### Given records
══════════════════════════════

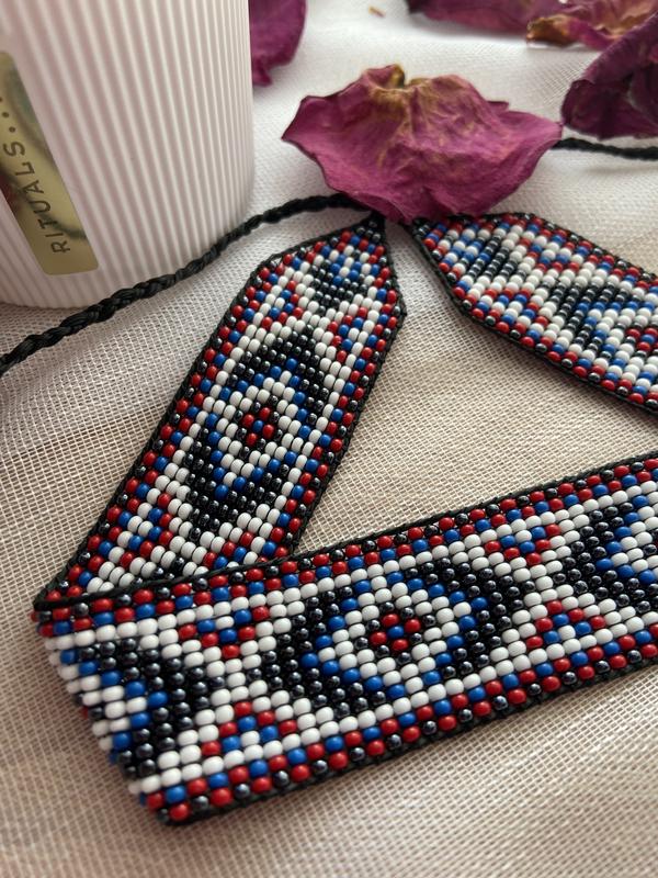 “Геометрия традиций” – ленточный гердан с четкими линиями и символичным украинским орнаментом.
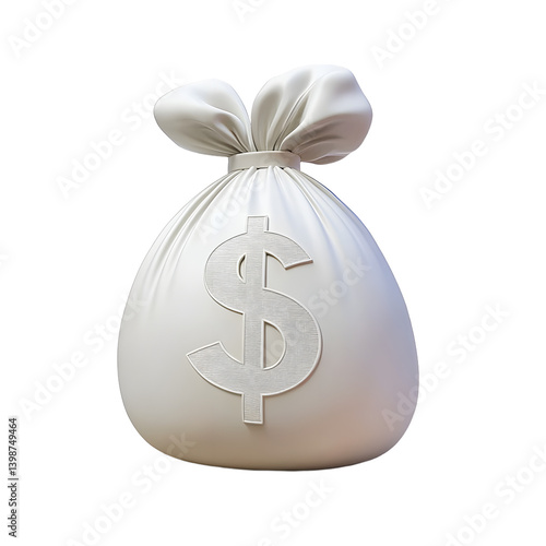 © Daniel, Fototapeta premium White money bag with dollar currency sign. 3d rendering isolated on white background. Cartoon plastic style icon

══════════════════════════════

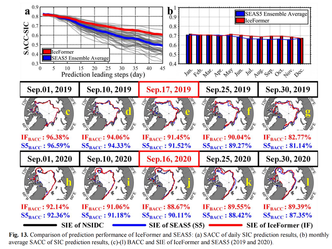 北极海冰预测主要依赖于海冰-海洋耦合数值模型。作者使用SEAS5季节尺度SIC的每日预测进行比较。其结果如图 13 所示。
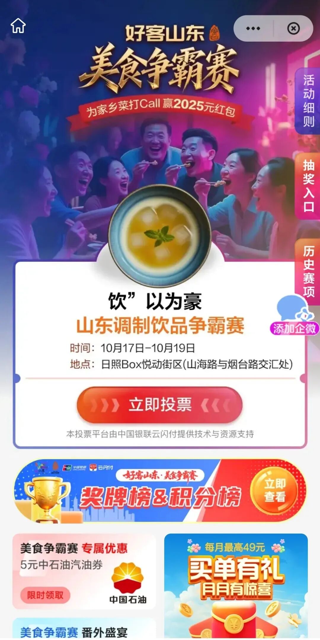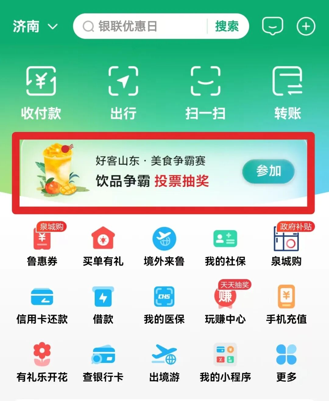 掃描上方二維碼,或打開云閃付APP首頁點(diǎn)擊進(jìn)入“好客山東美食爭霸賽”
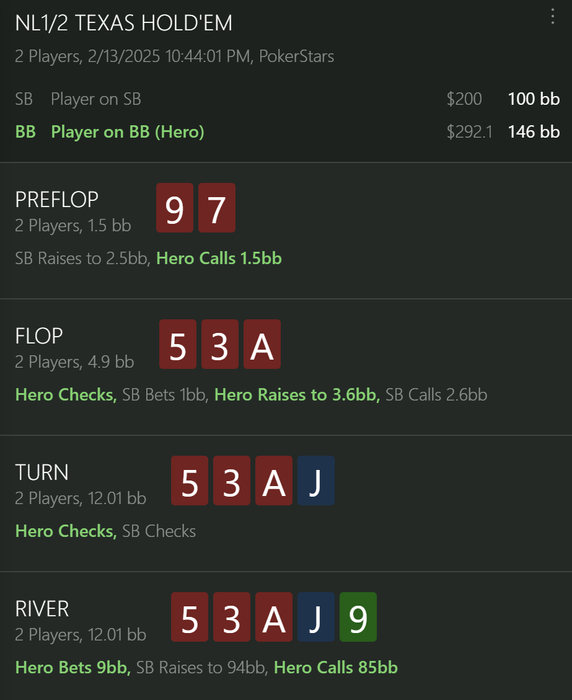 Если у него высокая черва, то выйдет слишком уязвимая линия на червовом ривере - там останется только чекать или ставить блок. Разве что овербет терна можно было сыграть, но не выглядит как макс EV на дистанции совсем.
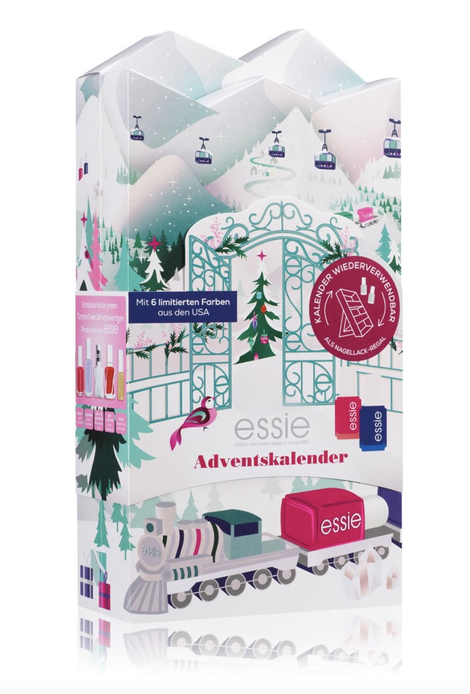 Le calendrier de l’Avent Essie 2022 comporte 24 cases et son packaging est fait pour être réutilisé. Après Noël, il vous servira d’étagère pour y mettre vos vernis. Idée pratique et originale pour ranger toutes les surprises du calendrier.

══════════════════════════════

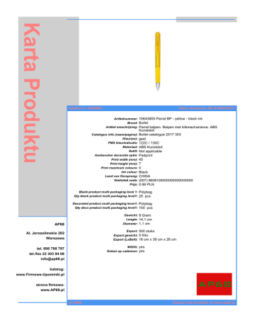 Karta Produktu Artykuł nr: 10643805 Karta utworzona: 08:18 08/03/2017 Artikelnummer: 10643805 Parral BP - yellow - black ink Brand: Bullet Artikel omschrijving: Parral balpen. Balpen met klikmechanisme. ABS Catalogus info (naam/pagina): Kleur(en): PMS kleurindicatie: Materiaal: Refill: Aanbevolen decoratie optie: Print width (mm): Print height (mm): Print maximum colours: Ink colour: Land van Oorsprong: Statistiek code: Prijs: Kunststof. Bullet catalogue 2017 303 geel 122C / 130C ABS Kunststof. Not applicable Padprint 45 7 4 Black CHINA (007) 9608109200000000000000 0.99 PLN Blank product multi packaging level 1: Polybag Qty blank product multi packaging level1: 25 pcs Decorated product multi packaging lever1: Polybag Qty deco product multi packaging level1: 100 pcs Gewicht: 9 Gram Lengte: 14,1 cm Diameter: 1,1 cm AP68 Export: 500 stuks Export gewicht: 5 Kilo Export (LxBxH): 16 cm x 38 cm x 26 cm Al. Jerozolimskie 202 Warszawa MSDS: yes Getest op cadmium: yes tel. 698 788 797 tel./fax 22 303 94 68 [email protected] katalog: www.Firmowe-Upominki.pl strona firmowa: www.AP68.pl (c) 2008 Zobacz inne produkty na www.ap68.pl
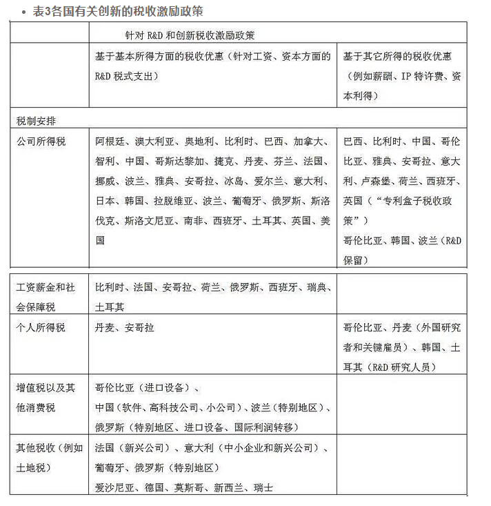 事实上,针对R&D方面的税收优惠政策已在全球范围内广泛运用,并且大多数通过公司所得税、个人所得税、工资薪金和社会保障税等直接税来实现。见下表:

══════════════════════════════

### What this task involves
From the listing above, please give again the lines that begin with the line holding "Karta Produktu Artykuł" and go on through the line holding "事实上,针对R&D方面的税收", exactly, both ends included, minus any picture.

### Solution to the exercise
 Karta Produktu Artykuł nr: 10643805 Karta utworzona: 08:18 08/03/2017 Artikelnummer: 10643805 Parral BP - yellow - black ink Brand: Bullet Artikel omschrijving: Parral balpen. Balpen met klikmechanisme. ABS Catalogus info (naam/pagina): Kleur(en): PMS kleurindicatie: Materiaal: Refill: Aanbevolen decoratie optie: Print width (mm): Print height (mm): Print maximum colours: Ink colour: Land van Oorsprong: Statistiek code: Prijs: Kunststof. Bullet catalogue 2017 303 geel 122C / 130C ABS Kunststof. Not applicable Padprint 45 7 4 Black CHINA (007) 9608109200000000000000 0.99 PLN Blank product multi packaging level 1: Polybag Qty blank product multi packaging level1: 25 pcs Decorated product multi packaging lever1: Polybag Qty deco product multi packaging level1: 100 pcs Gewicht: 9 Gram Lengte: 14,1 cm Diameter: 1,1 cm AP68 Export: 500 stuks Export gewicht: 5 Kilo Export (LxBxH): 16 cm x 38 cm x 26 cm Al. Jerozolimskie 202 Warszawa MSDS: yes Getest op cadmium: yes tel. 698 788 797 tel./fax 22 303 94 68 [email protected] katalog: www.Firmowe-Upominki.pl strona firmowa: www.AP68.pl (c) 2008 Zobacz inne produkty na www.ap68.pl
 事实上,针对R&D方面的税收优惠政策已在全球范围内广泛运用,并且大多数通过公司所得税、个人所得税、工资薪金和社会保障税等直接税来实现。见下表:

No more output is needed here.